What is wrong with me....
I'm still waiting for insurance approval. This is a record long approval for my insurance company. This I was I was told by the customer service person who checked my claim yesterday on the phone. I keep wondering, Is there something wrong? Did my doctors office forget something? She said I should have had an answer weeks ago. This wait is killing me as I know it does for everyone. It is so hard for me, I can't stay focused on anything else. I've left surgery comments for everyone with upcoming surgery through the end of the year. I've memorized this website. Maybe I should go back to ebay and bid on something really big... I do want a camper....
Every night (and day) I pray for Gods will but right now I don't feel his presence. I've put it in his hands so many times, but I keep taking it back. I just worry and worry. I'm an old girl so many its premenopausal. I feel like such a baby. I am probably the most fortunate person in the world. My house has not been blown away in a hurricane I have a wonderful husband, my cats adore me (when they want to), My family is all alive and well, I have a nice house and car. I have a job and have a comfortable life and I don't live in a place like Iraq. If i wasn't a Christian I would go to the bar and get tanked, but instead I just stay home and eat. I keep this up and I'll be super morbidly before surgery and have to lose 50 lbs before they will do a lap on me. I'd like to ask if this is normal. How can this be normal for someone who puts her faith in God to do His will for her life? I guess what I am saying is PRAY FOR ME please I continue to pray for all of you in my daily prayers. I almost posted this anomomously because I don't want everyone to know what a baby I can be....but here I am in all my worldly glory! Thanks for your prayers. Lots of love and hugs!
Candy
Hi Candy,
I am new to this site. I haven't even had my first visit with my PCP. That's on Oct 5th. It is good that you put this in Gods hands. That is what I am having trouble doing right now. I know I should but what if.......... I know that doesn't sound like a christian should.
You are not a big baby. You are human. Dear Lord, please help Candy thru the waiting. You know how committed she is to this. Please fill her with your peace. In Christs name, Amen.

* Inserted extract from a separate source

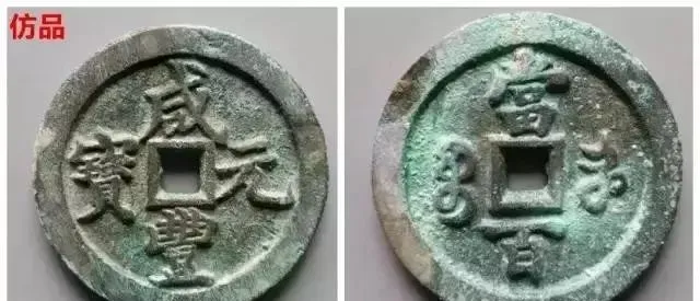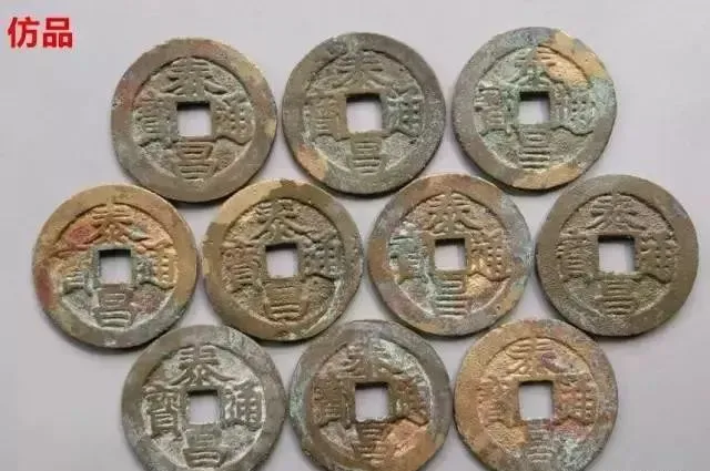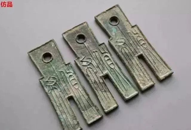 “传世锈”直观和古钱本色并没太人区别,伪造者利用与古钱近期的廉价钱币或翻砂重铸传世品,使得真假难辨。所以在鉴别时应从文字入手,观其有无神韵,也要听听有无转音,因为新铸币有火气,它的就有转音,用了很久的钱掷于地就无转音,以此可以判断真伪。

Please take it easy Candy. Try a walk instead of food when the stress comes on. I know easier said than done. I will be praying.
In christian love,
Corinn
Hi Candy, I just finished writing you a post, and when I tried to put a little smiley face on it, it disappeared. It must be out in la la land. Anyway sweetie hang in there. So many of us (will I guess speaking for myself) have felt those feelings. (((God)))....Where are you????? I easily grow impatient with God's delays. But in due time he always answers them. Hang in there sweetie, keep making the phone calls to the doctor's and insurance office and in know time it will happen.
Blessings
Geri
PS. Im not going to put up an icon this time. Just picture a little smiley face next to my name.
Hi Candy!
I'm right there with you, my friend! I've been waiting for my approval since September 1st, when I got all my paperwork in to my surgeons office to be faxed to my insurance company. It is frustrating to wait for something we want SOOOO bad. I am on one of those non-ending eating fests myself and am totally out of control too... can't seem to help myself. Lord....please lend us a hand in this area!
One thing that reassures me is that I am confident that the Lord wants this for me and that He will make this happen...BUT.... it will happen in His time, not mine. His thoughts are so much larger than mine and remembering that gives me the assurance that He will make this happen when the time is perfect for me. Any other time but His time would be real scary.
This doesn't mean that I don't get discouraged or impatient....because do I ever! The good thing is the Lord has a subtle way of bringing me back down and helping me to focus on other things rather than having this surgery done. Unfortunately that has kept me from posting here as often. I do keep tabs on this forum and believe me.... this will be the first place I come when I get a date!!!! Until then, I pray that the Lord give us the patience and the insight to remember that His plan is always the best one!!! Lord knows, I need that reminder at least once a day!!!